**DIRECTIONS FOR THIS TASK:** As soon as the line containing "ইস্টার সানডে উপলক্ষে ক্লাস ছুটির নোটিশ" appears in the material below, start returning lines exactly, and end with the line containing "Étui en toile".

**SUPPLIED MATERIAL:**
────
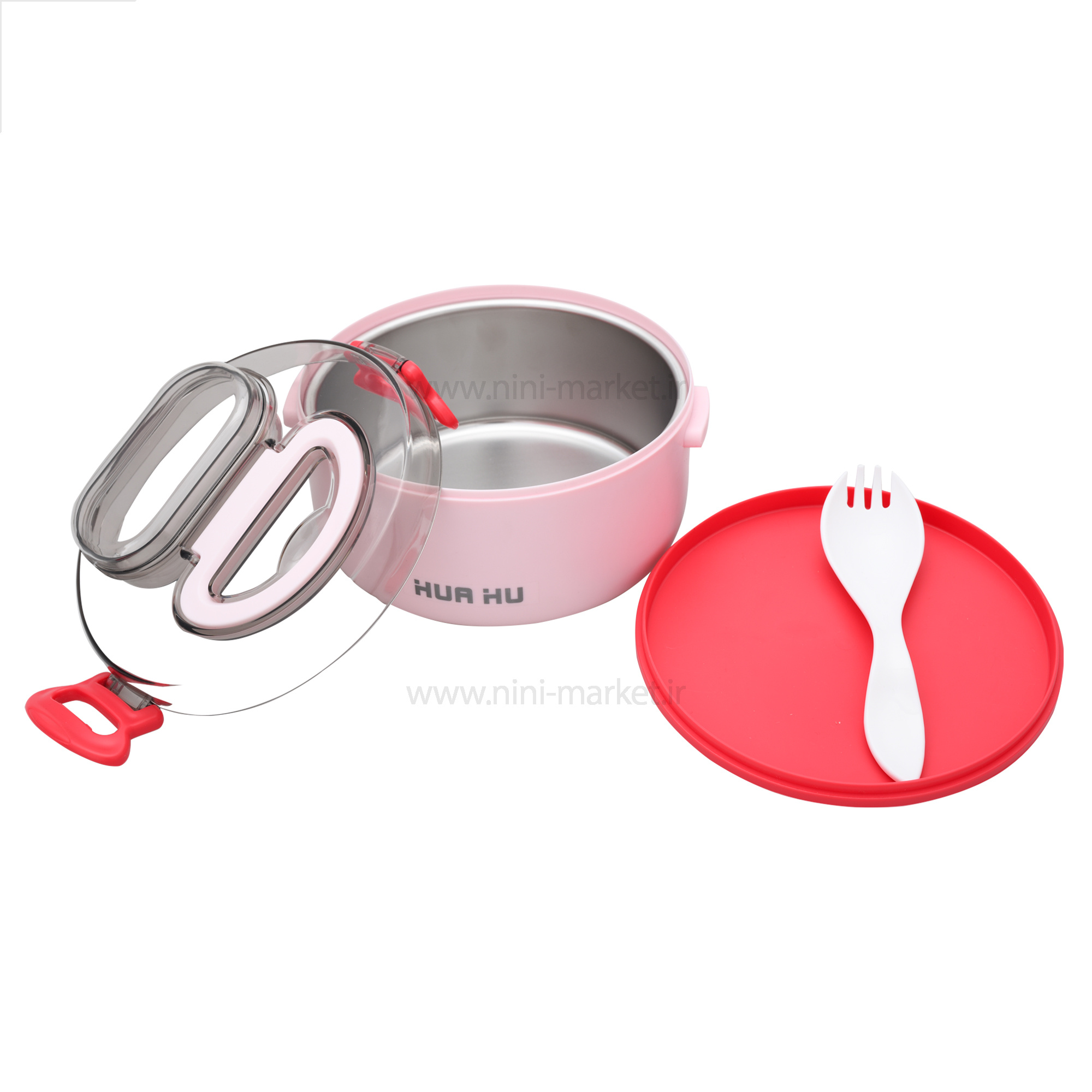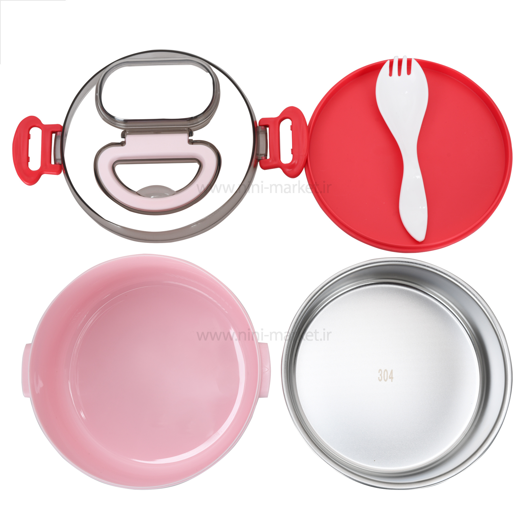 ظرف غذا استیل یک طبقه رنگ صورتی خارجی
────
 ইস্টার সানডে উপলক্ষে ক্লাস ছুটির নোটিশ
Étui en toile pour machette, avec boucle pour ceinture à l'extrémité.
────
**OUTPUT FOR THIS TASK:**
 ইস্টার সানডে উপলক্ষে ক্লাস ছুটির নোটিশ
Étui en toile pour machette, avec boucle pour ceinture à l'extrémité.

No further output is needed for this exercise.